Gabor filter for texture extraction

Gabor filters are extensively used in areas of texture based segmentation, feature extraction and classification (Porat and Zeevi 1989, Haralick 1979, Weldon et al. 1996, Mirzapour and Ghassemian 2015). A Gabor function can be defined as a sinusoidal modulated Gaussian with a spread of σx and σy in the x and y directions and a modulating frequency of u0. Its impulse response is given as:

$$ h\left(x,y\right)=\frac{1}{2{\pi \sigma}_x{\sigma}_y}\exp \left\{-\frac{1}{2}\left[\frac{x^2}{{\sigma_x}^2}+\frac{y^2}{{\sigma_y}^2}\right]\right\}\cos \left(2\pi {u}_0x\right) $$
(14)

Equation 14 shows an orientation of 0° w.r.t x-axis.
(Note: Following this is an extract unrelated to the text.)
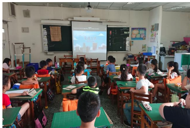
一年級認識交通工具課程

Arbitrary rotations of the filter can be obtained by rotating the function. The frequency u0 and the rotation angle θ define the filter centre location. By tuning the two values to different centre locations, multiple filters can be created that span the entire domain.

Gabor wavelets can be utilized to extract texture features where a set of wavelets are generated using a mother wavelet (Eq. 15) and the whole image is given as input to the wavelet set.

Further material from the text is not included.